All right here's your answer.
I love the american arts. All those composers i've been listening and all those wonderful directors i appreciate, they're american. I'm not feeling upset that they're not european but american, that doesn't bother me. I love good old Buk and Fante they were also americans. But if you ask me what i think about normal US citizens. I can tell you honestly that i'll never generalize about this.
I don't have any right to generalize. But if you insist i'd tell you that i like americans as much as i like turks, brits or italians. I like the way Buk answers when his soon-to-be girlfriend asks him in the film Barfly if he hates people or not : 

"No, i don't hate people. I just seem to feel better when they're not around"

That's all i think about people of all nations. They could be nice, or evil. It depends who they are as individuals.


----------



## maxiogee

arugunu said:
			
		

> You didn't djchak, GenJen did.
> 
> Also about the americans being arrogant, i didn't say that either. Another forum writer said that. Please check out the previous posts.
> 
> Maxiogee, you might be right about the Apple stuff. I have an apple i-pod. And i often thank god for it's still working well. Apple is genius when it comes to marketing. They sell those i-pods like selling nuts. And when the battery is gone for good, they charge you the price of another brand new i-pod. It's a good idea isn't it?
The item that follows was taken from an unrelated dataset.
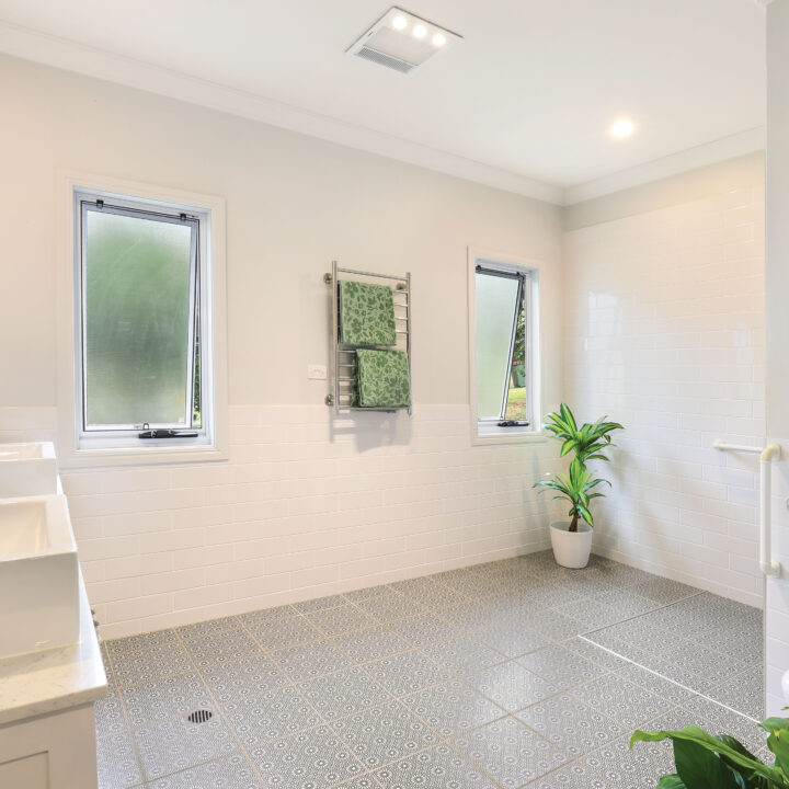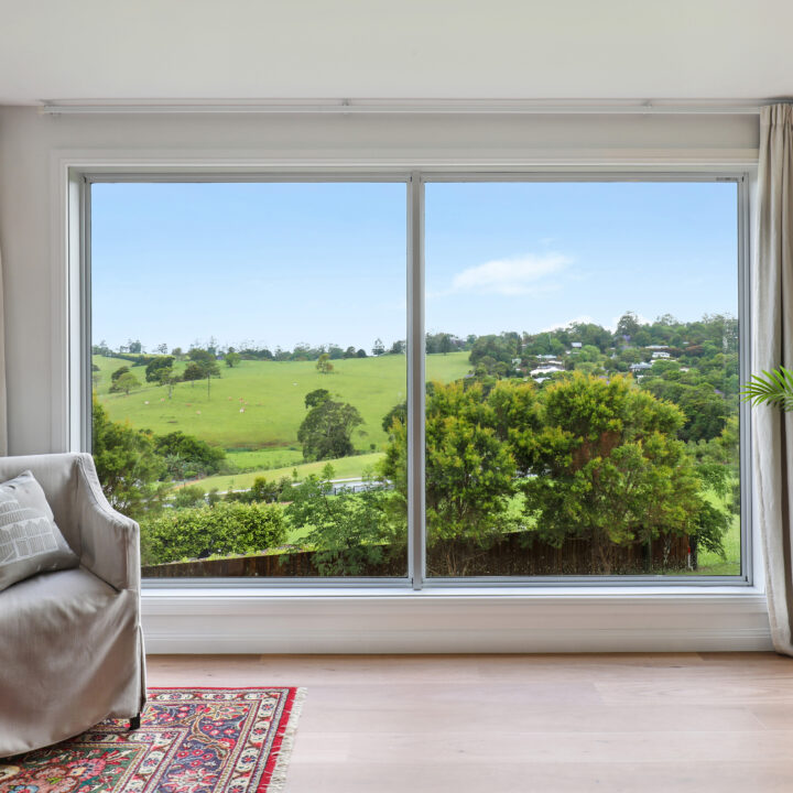 At the heart of the home, a spacious open-plan living and dining zone flows seamlessly to the gourmet kitchen – complete with custom cabinetry, stone benchtops and butler’s pantry. An enclosed, light-filled entertaining area with full-height windows captures sweeping views across the rolling hills, connecting both wings of this clever dual living layout.

Do you do anything but complain? What do you expect someone who makes a product/provides a service to do but to sell it?

I have had Macintosh products since 1988.
I like them. I liked them more before they abandoned one of my favourite applications (I wrote and told them so!) - but it still works reasonably well.
I don't spend my time complaining to everyone who'll listen. When *my* iPod battery dies I'll replace it with a little bit of constructive disassembly!
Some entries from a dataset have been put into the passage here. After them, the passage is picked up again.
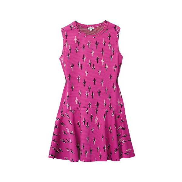사막의 뜨거운 볕을 품은 단단한 육질의 선인장 패턴을 수놓은 슬리브리스 원피스
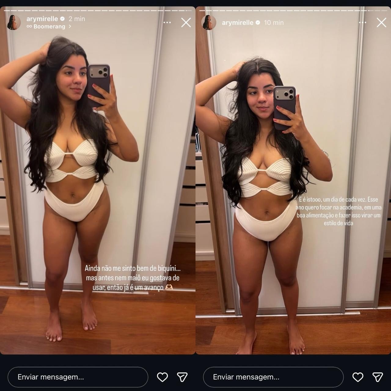 Ary Mirelle, de 23 anos, fez uma selfie no espelho vestido um maiô com recortes, nesta quinta-feira (5). A esposa de João Gomes compartilhou a foto em seu Instagram com uma reflexão sobre sua autoimagem. “Ainda não me sinto bem de biquíni, mas antes nem maiô eu gostava de usar, então já é um avanço. Um dia de cada vez. Este ano quero focar na academia, em uma boa alimentação e fazer isso virar um estilo de vida”, escreveu.Posts de Ary MirelleReprodução | InstagramA influencer tem se dedicado para transformar a forma física depois das gestações, com curtíssimo tempo entre uma e outra. Ela e o cantor são pais de Jorge, de 2 anos, e Joaquim, de cinco meses.João Gomes e Ary Mirelle celebram 4 meses de Joaquim com tema Bob Esponja e filhos fantasiadosReprodução/ Instagram”Ainda sou muito insegura, mas isso é normal. Acabei de ter bebê”, ponderou. “Antes de Jorge eu já era muito insegura em usar biquíni. Desde a minha adolescência. Mas era besteira, mesmo que eu fosse mais magrinha. Agora tenho mais insegurança, mas isso vai passar. Por isso quero focar, para me sentir bem comigo mesma e deixar essas inseguranças de lado”, explicou.ASSISTA AO VÍDEO:
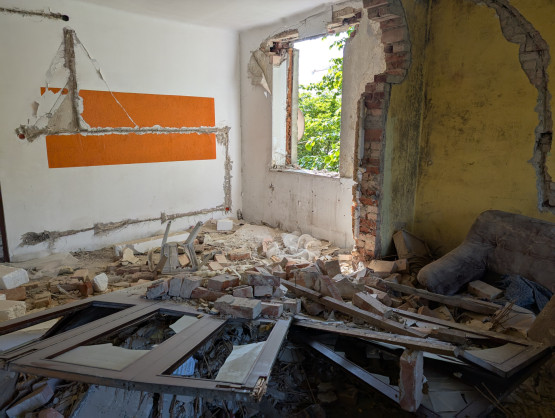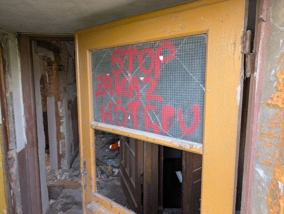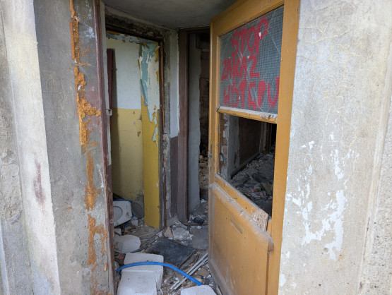 Gdy przyjechaliśmy na miejsce, okazało się, że wejścia do zrujnowanego obiektu w ogóle nie są zabezpieczone. Chyba, że liczyć krzywy napis farbą na szeroko otwartych drzwiach – „Stop. Zakaz wstępu”. W opuszczonych pomieszczeniach zalegają sterty śmieci. Zgłosiliśmy to miejskim urzędnikom.

Why do you object so much to "marketing"? 
This thread is going way off topic. All you do is gripe and you have no constructive solutions to offer. You still haven't really answered "WHY" to the thread's question.


----------



## Fernando

You are right. 

US is a stupid country. Nobel prizes are given to them because Swedish are nice with them.

Personal computers were invented by a Polish and an US citizen called Gates (probably British, rather than American) which stole him all credit.

Life in US is hell. People flee from there by the millions.

Europeans watch US films and drink Coca-Cola because of their military power. If not, because they are masochists.

Military bases in Europe are an illegal occupation of European soil, against the opposition of their governments.

Any previous Empire (Turkish, Spanish, Roman, British) has spread peace and love for everywhere.

But Empires are not good. A multipolar world, such as Europe in 1914 and in 1939 are (by far) better.

US intervention is no longer necessary. Nations makes it without foreign evil influence. Cambodja, Uganda, Congo and Albania are good examples of how paradise can be done without strangers.

US is a theocracy. Bush is the Supreme Pontiff. There is not atheists in US (or are severely seized).


----------



## arugunu

Sevgili Chazzwozzer, ben de tam o konuya açıklık getiriyordum. Zaten anlamışsındır eğer tüm yazdıklarımı okuduysan ki, ben amerikalılardan nefret falan etmiyorum. Amerikalılardan nefret ediyorum demek "ben aptalım" demekten farksız olurdu. Ben sadece kendini beğenmiş olmalaları için bir neden göremediğimi söyledim. Ki bu kendini beğenmişlik mevzusunu da ben açmadım. Bir amerikalı "napalım yani kendimizi beğenmeyi bırakalım ve bu ülkelere mallarımız yollamayalım" dedi. Ben de kimsenin bunlara ihtiyacı yok, dedim. Ki bence hala da yok.


----------



## Yeu

djchak said:
			
		

> So, every other nation has a right to be pround of thier culture...except the US.
> 
> And the US citizens think people are poor becuase they are...lazy.
> 
> Proud for the color of the skin or eyes? So sorry, anyone of ANY race or nationality came become Americans. the US is held together by an ideaology, not ethnicity.
> 
> And to top it all off... Americans are arrogant for being proud they achieved thier dreams here.
> 
> Wow.


 
I'm proud of my culture, but I don't think is the best and the only one.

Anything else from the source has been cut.